Hugh from the Electronic Frontier Foundation sez,
As Google expands its Google Book Search service, adding millions of titles, it will dramatically increase the public's access to books. More and more people will soon be browsing, reading and purchasing books online. But Google may be leaving out the privacy we have come to expect, with systems that monitor the digital books you search, the pages you read, how long you spend on various pages, and even what you write down in the margins.To ensure that our privacy remains at least as strong online as it is in the physical world, Google needs to do more. With the ACLU of Northern California and the Samuelson Clinic at UC Berkeley, EFF has written a letter to Google CEO Eric Schmidt, demanding that Google take specific steps to protect your freedom to read privately. We've asked that Google only respond to legitimate warrants when the government comes calling, for example, and we've asked that they not share your private reading data with third parties without your permission, among other things.
Now, we need you to join us in the fight to defend reader privacy — take action and tell Eric Schmidt that you demand the same privacy for your online reading habits that you enjoy when reading paper.

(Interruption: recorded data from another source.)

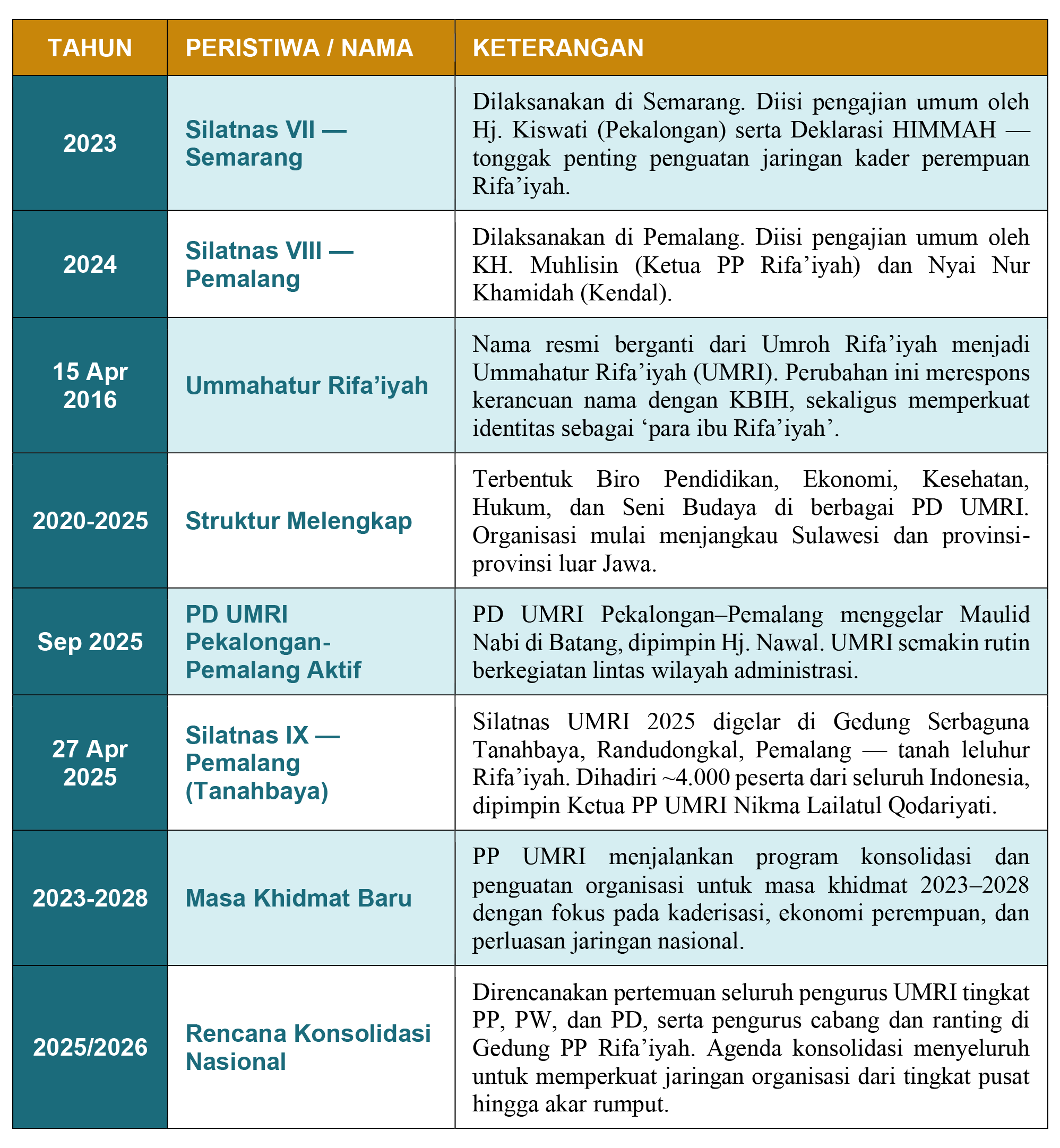 Namun tanpa wadah yang resmi, sumbangsih perempuan Rifa’iyah itu tak terdokumentasi, tak terstruktur, dan tak berdaya secara kolektif. Itulah gap yang hendak diisi oleh UMRI.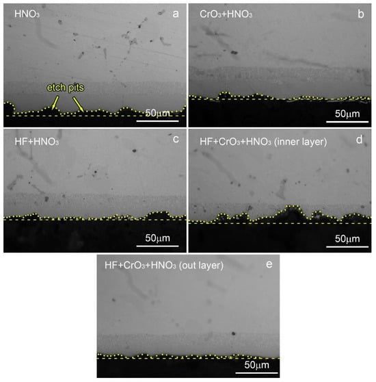 Cross-sectional morphologies of the AlSiY coatings after chemical stripping using (a) HNO3-only, (b) CrO3+HNO3 mixed and (c) HF+HNO3 mixed removal reagents. (d,e) show the coarse inner layer and smooth outer layer after chemical stripping using the HF+CrO3+HNO3 mixed removal reagent, respectively. The dashed lines represent the profiles of smooth surfaces and the dotted lines represent the profiles of etched surfaces. The area enclosed by the dashed lines and dotted lines and its shapes show the homogeneity of chemical stripping.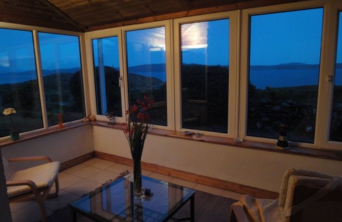The Irish stone house has a new interior, is modernly furnished and is located quietly on a 6000 sq. m nature property. From the kitchen, living room, winter garden and patio, you will have a view of the Bantry Bay and of the open Atlantic. Sea, swimming bay and cliffs are only a few minutes walk away.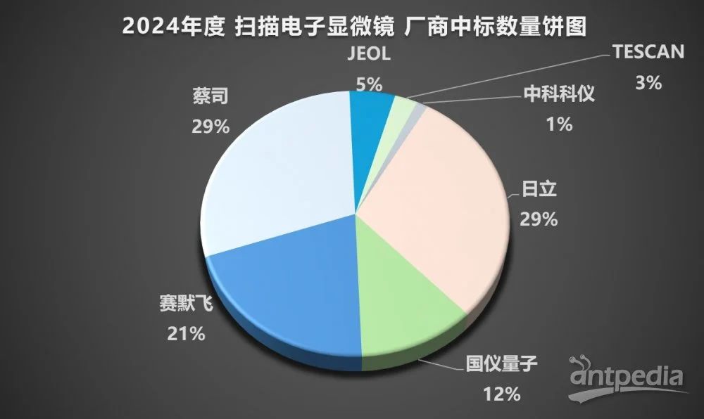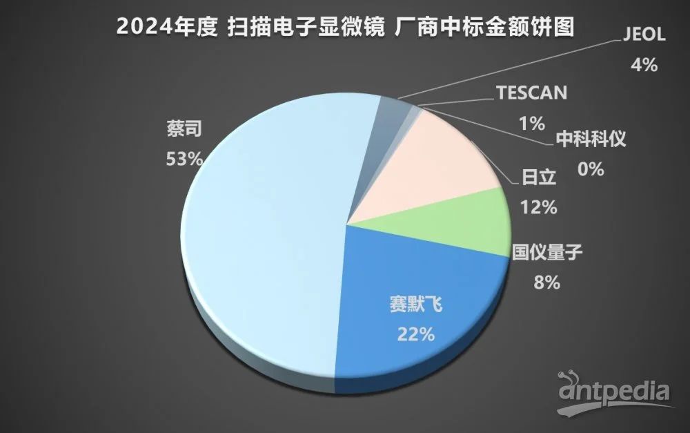 2024年度掃描電子顯微鏡主要品牌包括蔡司、賽默飛、國(guó)儀量子、日立、JEOL等。總金額為3.45億元,占總金額的96%。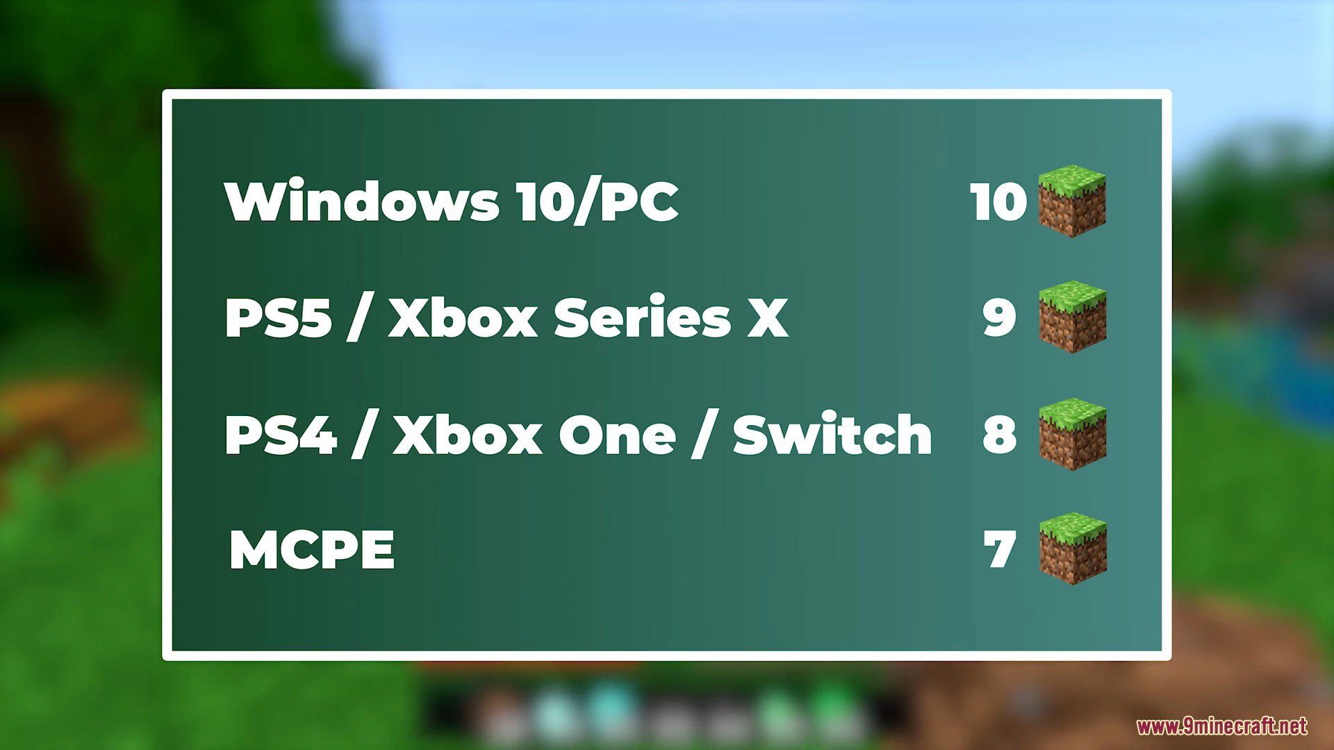 MCPE, PS5, Xbox, Switch, Windows 10.

I have some misgivings about the Google Book Search settlement, mostly to do with the fact that a settlement means that Google won't litigate the fair use question of whether making a copy of a work in order to create a search engine infringes copyright. Those misgivings don't trump my delight at the idea of guaranteeing public access to all these books, and the restoration of orphan books to public hands.
But the issue of privacy is much more grave. I want Google to create a binding, written agreement to hold readers' information private, so that the future of reading doesn't include the possibility of warrantless spying on your book-reading activity. For complex legal reasons, it's unlikely that anyone will ever be in a position to give Google a settlement permitting this again, so this is it. The status quo Google sets will be the one that we end up living with for the foreseeable future.